Long-term, large-scale monitoring of wildlife metacommunities is needed to recognize population declines early enough to identify environmental stressors and facilitate adaptive planning. Potential outcomes include information supporting the designation of new species of conservation concern, or better yet, conservation actions that avert the need for conferring critical statuses. By surveying multiple species, declines of individual species need not be considered in isolation, but can be compared to responses of other species in the metacommunity. However, multi-species monitoring presents a variety of new challenges in terms of appropriate survey methods and analytical techniques for drawing valid ecological inferences.
In this study, I investigated several related aspects of multi-species monitoring. One theme was the role of automated survey methods (e.g., audio recorders and camera stations) that leave a permanent record and easily provide for temporal replication of surveys. I applied occupancy models to repeat surveys for addressing detection probability and providing unbiased estimates of species occurrence. Lastly, I evaluated several novel quantitative methods for comparing community properties using monitoring data.
In the first chapter I considered the effectiveness of automated recorders for monitoring common birds in California forests. I applied single-species occupancy models to 46 species using 5 years of monitoring data in which automated recorders were placed at 453 random sites across a 5.4-million-ha northern California study area. The devices were programmed to record sounds during up to 3 surveys each morning on 3 consecutive days during the breeding season when songbirds were singing from territories. Skilled interpreters reviewed these recordings to identify all species heard during each survey. With Monte Carlo simulation and results from occupancy models, I demonstrated 80% power for monitoring declines as small as 2.5% per year over 20 years for 32 species given a sampling effort of 100 new sites per year. I also determined an effective survey area radius of 30 m to 50 m for automated recorders, and showed that the devices provided similar occupancy estimates as traditional point counts despite lower survey-level detection probability.
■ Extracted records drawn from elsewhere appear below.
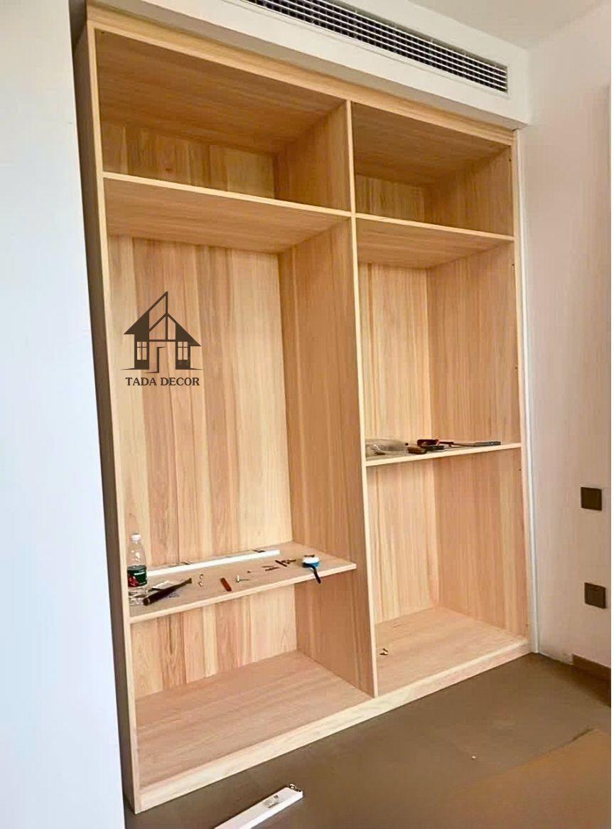 Đội ngũ kỹ thuật TADA Vietnam tiến hành đo đạc, thiết kế chi tiết và sản xuất trong thời gian ngắn. Toàn bộ tủ được gia công từ gỗ công nghiệp cao cấp, chống cong vênh, chống ẩm mốc, kết hợp bản lề giảm chấn giúp việc đóng mở êm ái. Quá trình lắp đặt tại nhà diễn ra nhanh chóng, gọn gàng và đảm bảo đúng tiến độ bàn giao.
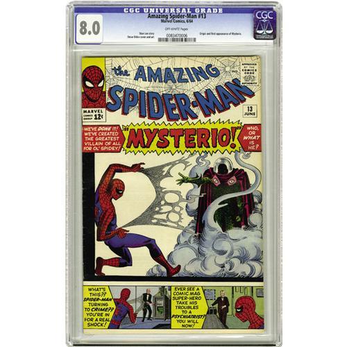 <B>The Amazing Spider-Man #13 (Marvel, 1964) CGC VF 8.0 Off-white pages.</B></I> The whites of this copy look very fresh, and evidently only a few spinal "dings" kept it from a higher grade. The book has the first appearance of Mysterio, written by Stan Lee and drawn by Steve Ditko. Overstreet 2006 VF 8.0 value = $791. CGC census 3/06: 18 in 8.0, 70 higher.
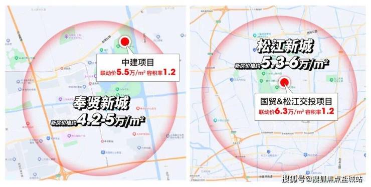 比如奉贤新城均价普遍在4.2-5万/㎡,而容积率1.2的中建项目联动价高达约5.5万/㎡;
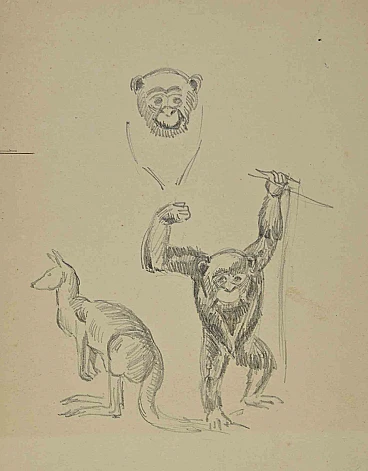 Monkeys è un disegno realizzato da Joseph Colin nella metà del XX secolo. Matita su carta color avorio Buone condizioni con leggero foxing. L'opera è realizzata attraverso abili tratti espressivi.

In the second chapter I applied multi-species occupancy models to the calculation of biodiversity indices describing metacommunity organization. I used the same automated recorder data set for birds from Chapter One. Specifically, I applied simulation and Bayesian hierarchical models to demonstrate how a failure to address detection probability heterogeneity underestimates the evenness of species occupancy distributions. In models of the bird data I found that a number of species traits (migration, foraging guild, territoriality, body size) were informative in explaining detection probability. By pooling information from common species in a multi-species model, I was able to draw stronger inferences about rarer species than by modeling these species individually. Lastly, I illustrated the ecological significance of species-traits modeling and found that warbler and woodpecker occupancies were evener than for sparrows.
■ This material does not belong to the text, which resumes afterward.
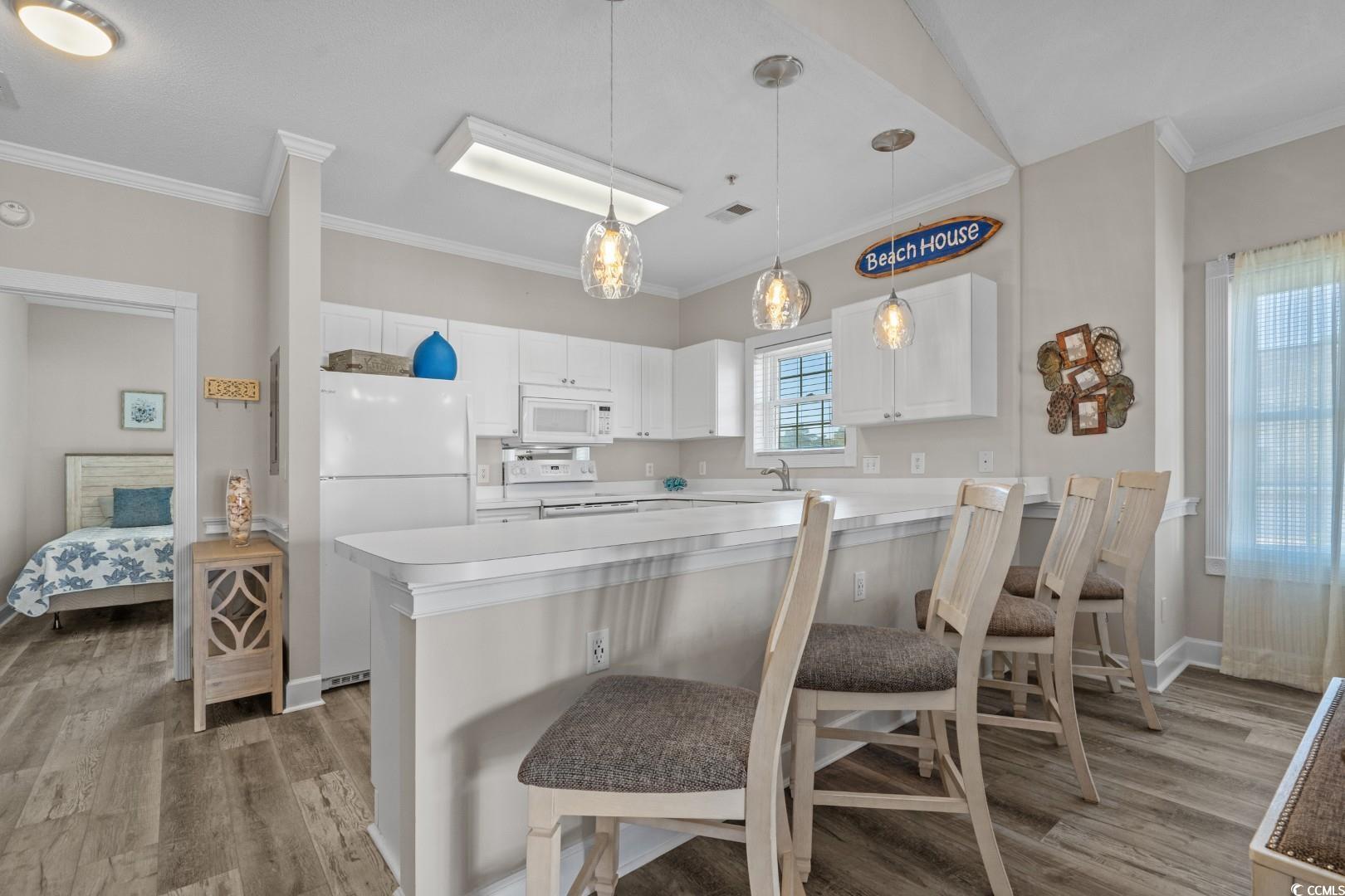 Location! Location! Location! Rare Opportunity in Magnolia North at Myrtlewood Golf Course! Don't miss your chance to own this beautiful 3-bedroom, 2-bath condo, located in the highly sought-after Magnolia North community. This end-unit gem offers a peaceful courtyard view and comes fully furnished. In addition, there is a 1 car garage as well. 1,300 sq ft of living space with LVP flooring throughout (including in the closets!) Freshly painted and meticulously maintained. Vaulted ceilings that add a touch of elegance and spaciousness. End-unit with no units above for extra privacy and peace. Rare building, only 2 other buildings in the community with this design! The open floor plan connects the living, dining, and kitchen areas, making it perfect for entertaining or relaxing with family. Whether you're enjoying your morning coffee or watching the sunset, this condo offers the ideal setting to unwind. A short golf cart ride (only a mile) to the beach or if it's the pool you enjoy there are four to choose from at Magnolia North! Convenient to Broadway at the Beach, downtown amusements, and a variety of restaurants, shopping and entertainment options. If golf is your passion, welcome to the Golf Capital of the World! At Magnolia North's prime location, you'll be perfectly positioned near all the best courses north or south so you can enjoy every fairway Myrtle Beach has to offer. Whether you're looking for a primary home, vacation getaway, or investment property, this is an opportunity you won't want to miss.

In the third chapter, I proposed a new quantitative method for comparing species abundance distributions. I illustrated this method using avian point count surveys from 4 research forests in California. I applied bootstrap resampling to probabilistically compare the abundances of intermediate ranks among and within species abundance distributions. I found higher abundances of intermediately-common species on 2 of the forests, and ascribed this finding to differences in forest productivity and habitat complexity leading to greater niche partitioning of resources. At the metacommunity-level, I found higher abundances of intermediately-common species for neotropical migrants compared to resident birds.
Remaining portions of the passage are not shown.